Она улыбнулась, кивая, решив, что не стоит говорить этой женщине, что она сама ей благодарна. Потому что вырвавшийся из дому мальчишка остановил ее, совершенно случайно остановил, напомнив, что ей нельзя уходить. И она нагнулась, поднимая отлетевшую в сторону черную кожаную сумочку — тоже «Рокко Барокко», как и шорты и топик, все в одном стиле, это важно. Отряхивая ее, выискивая глазами то, что из нее вылетело. Не успев нагнуться, потому что ее опередил вежливый мальчик — подобравший диоровский карандаш и наполненную голубыми духами от Мюглера стеклянную звездочку. Следовало бы оторвать ему голову, если бы духи разбились, а карандаш сломался — но все, к счастью, было цело.

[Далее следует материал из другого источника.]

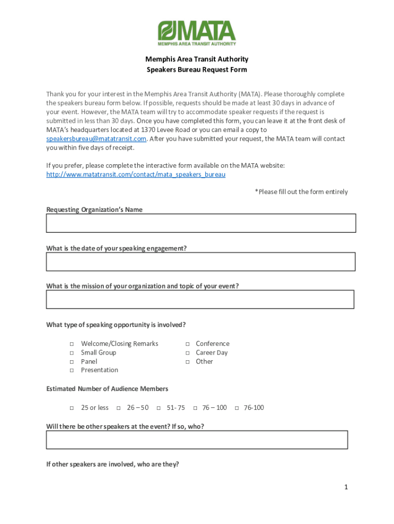 Get the free Memphis Area Transit Authority Speakers Bureau Request Form
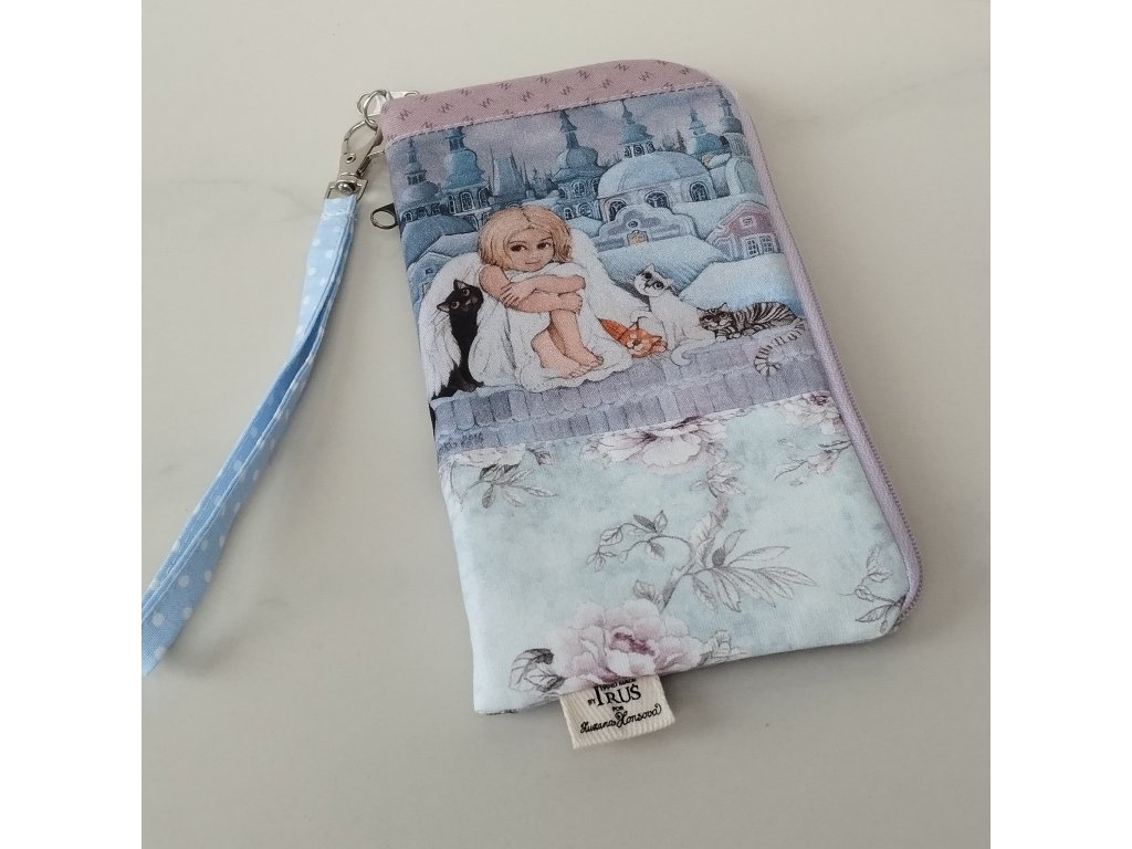 Obal na mobilní telefon s kapsičkou a poutkem na zápěstí - Andělka a kočičky
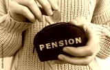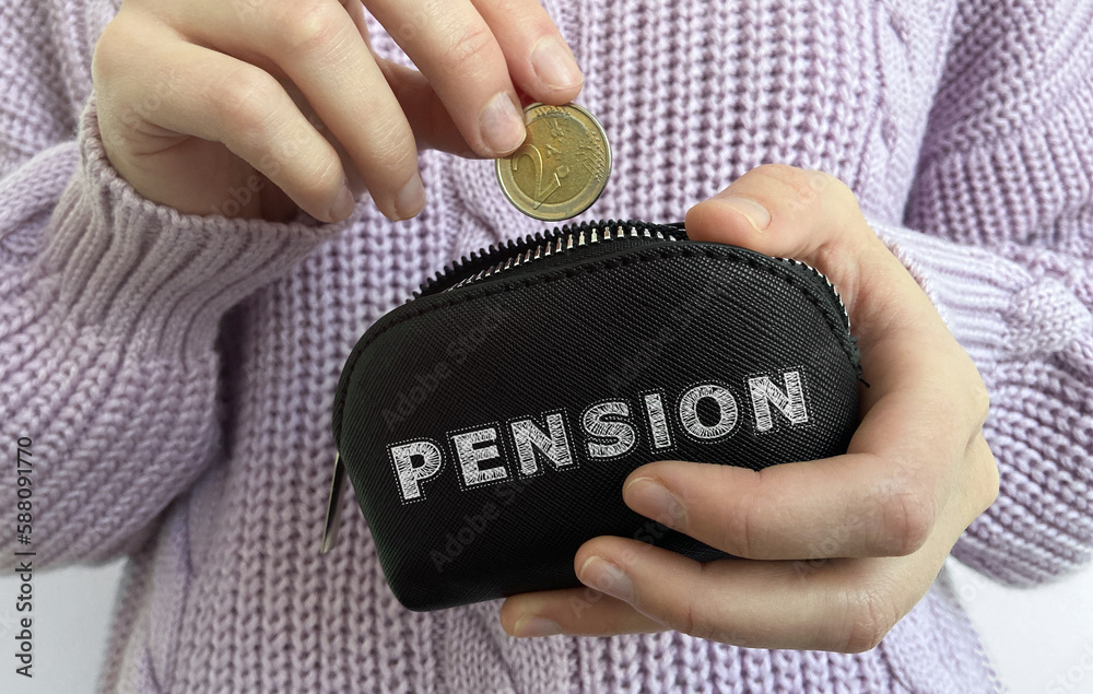Woman's hand putting coin in black wallet with word Pension
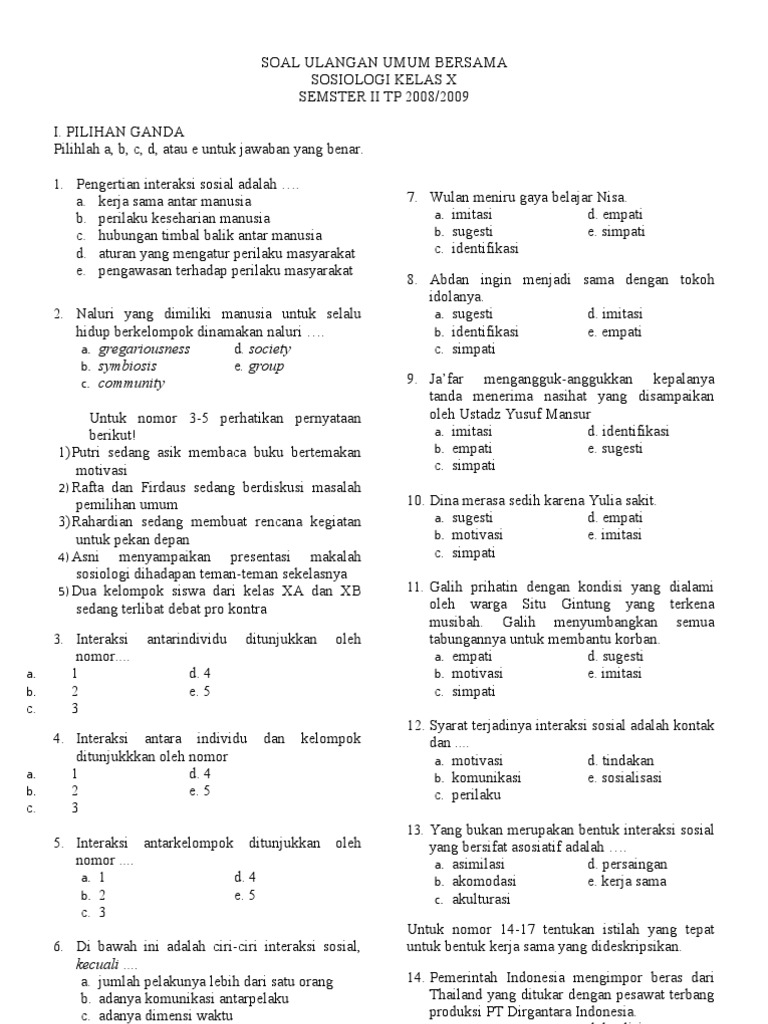SOAL - INTERAKSI SOSIAL
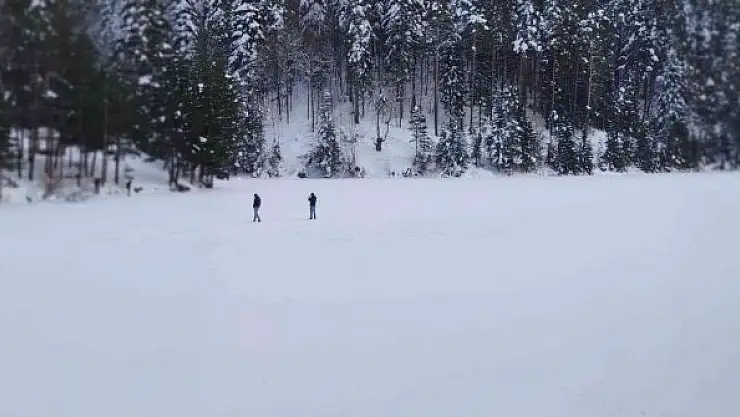 Donan gölet üzerinde yürüyen vatandaşlar bir de ayaklarıyla karın üzerine Bozcaarmut yazdılar. 7'den 70'e herkesin bu doğa harikasını görmek için bölgeye akın ederken, kurulan stantlarda sucuk ekmek yemeği de ihmal etmediler.
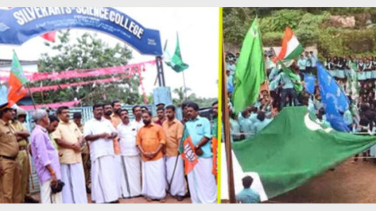 പേരാമ്പ്ര: പേരാമ്പ്ര സില്വര് ആര്ട്സ് കോളജില് കെഎസ്യു,എംഎസ്എഫ് തെരഞ്ഞെടുപ്പ് പ്രകടനത്തിനിടെ പാക്കിസ്ഥാന് പതാക വീശിയതിനെതിരെ പ്രതിഷേധം ശക്തം. കോളജിനുള്ളില് നടന്ന പ്രകടനത്തിന്റെ ദൃശ്യങ്ങള് സാമൂഹ്യ മാധ്യമങ്ങളിലൂടെയാണ് പ്രചരിച്ചത്. പാക്കിസ്ഥാന് പതാകയുമായി വിദ്യാര്ത്ഥികളില് ചിലര് മുദ്രാവാക്യം വിളിക്കുന്ന ദൃശ്യങ്ങളാണ് പുറത്തായത്.
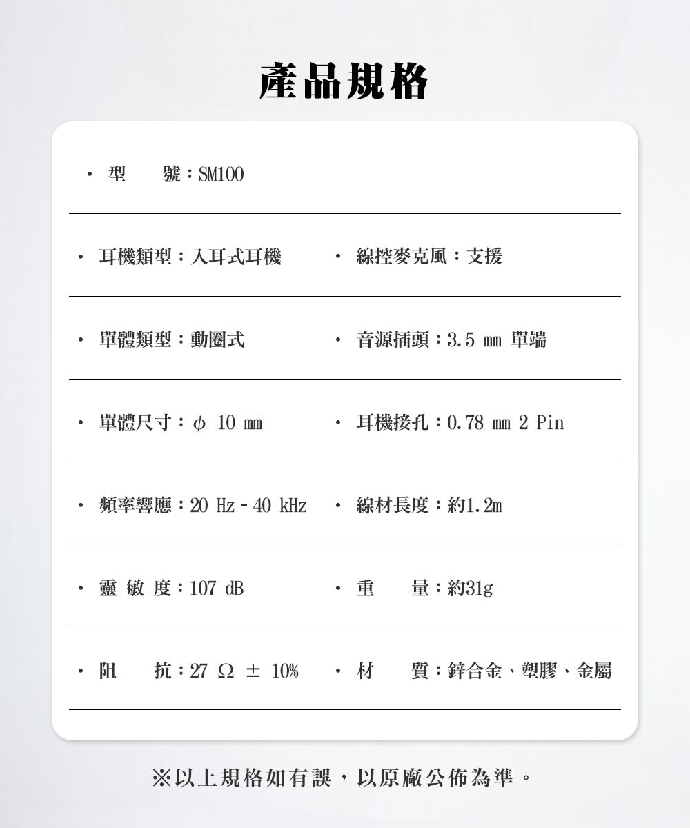 注意事項:本產品僅包含SM100*1、耳塞*2對、說明書*1,其他電腦、播放器...等,皆為示意圖,不包含在本產品包裝內。
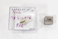 Коллекция Систематическая коллекция, №97025. Зерно алекскузнецовита-(La) размером около 100 микрон на капиллярной нити в циллиндрическом металлическом держателе. Фрагмент голотипа.
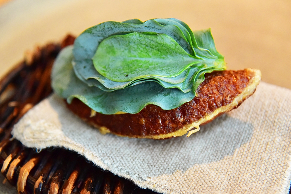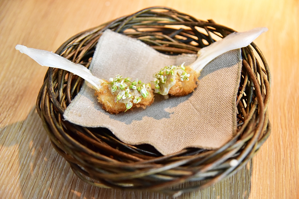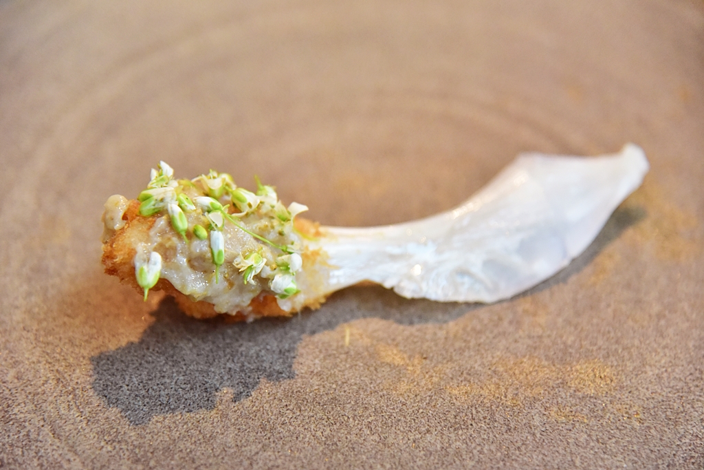 9th course: Cod Tongue Schnitzel – ลิ้นของปลาค้อดชุบแป้งทอดที่มีความโดดเด่นมากๆในด้านรสสัมผัสของเนื้อส่วนลิ้นปลาที่มีความกรอบเบาแปลกใหม่มากจริงๆ
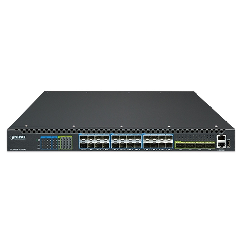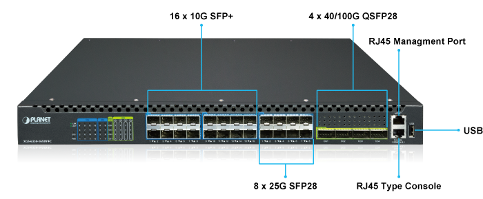 PLANET XGS-6350-16X8Y4C представляет собой высокопроизводительный управляемый коммутатор третьего уровня (Layer 3), разработанный для обеспечения высокоскоростной передачи данных в сетях следующего поколения. Модель выполнена в компактном форм-факторе 1RU и оснащена портами высокой плотности: 10G SFP+, 25G SFP28 и 100G QSFP28, что позволяет использовать её в качестве ядра сети или агрегатора трафика в современных ИТ-инфраструктурах.

— Спасибо большое вам еще раз. И извините — он у меня такой… Ты все собрал, Павлик? — Женщина, кажется, заторопилась. То ли перенервничала и хотела побыстрее вернуться домой, то ли ей не понравилось содержимое ее сумочки — дорогая косметика и парфюмерия и пачка долларов, внушительная на расстоянии, но совсем не толстая вблизи и состоявшая исключительно из полтинников и двадцаток, чтобы можно было менять помалу. То ли наконец рассмотрела ту, кого благодарила, и отнеслась к ней с осуждением.

Она сама такая правильная была, без косметики, в недорогом летнем платьице и стоптанных босоножках, без всякого маникюра, естественно, не говоря уж о педикюре, — и лицо честное и добропорядочное, лицо верной жены, фригидной, но доброй и понимающей, и хорошей матери. А тут увидела ярко накрашенную девицу в черной коже, в золоте, с черным маникюром, явно развратную, может, даже проститутку, откуда ей, с ее порядочностью, знать.

Она посмотрела им в спины — широкую спину полноватой и неухоженной, зато доброй мамы, и худенькую, обтянутую майкой спину вежливого мальчика. Кажется, немного упиравшегося — кажется, жалевшего, что так и не увидел, что там. И снова задумалась о том, что ей делать, когда выступить в роли свидетельницы — сейчас или позже?

— Ой, тетя, это не ваше?

Мальчик повернулся к ней, показывая на какую-то штуку, лежащую на земле, — какой-то кусок пластмассы с торчащей из него железкой, какое-то жутко примитивное устройство. И она удивленно округлила глаза, подавляя желание сказать ему, что она не тетя, ну совсем не тетя — в отличие от его мамы, кстати. И лет через пять, увидев на улице такую тетю, мальчик будет прибегать домой и запираться в туалете, дергая потными ручонками свое хилое сокровище. Но промолчала. Глядя, как мама тянет его за руку, уводя подальше от валяющейся на земле пластмассовой штуковины, — и как оглядывается на нее, уже отойдя метров на пять, и наклоняется к сыну, садясь перед ним, обнимая его, ощупывая, убеждаясь, что он цел.

Она усмехнулась про себя — подобные идиллии у нее, не любящей детей и совершенно не желающей их иметь, вызывали только усмешку. Внутреннюю, естественно, — внешне она могла даже умилиться младенцу, если этого требовала ситуация. Но сейчас от нее ничего не требовалось — разве что вернуться туда, откуда она пыталась убежать.

Где-то совсем рядом завыли сирены, и она отвернулась от обнимающихся матери с сыном и решительно пошла в арку. Думая про себя, что ей совсем не хочется туда, совершенно не хочется — но она должна. Потому что она все видела. Потому что она единственный свидетель.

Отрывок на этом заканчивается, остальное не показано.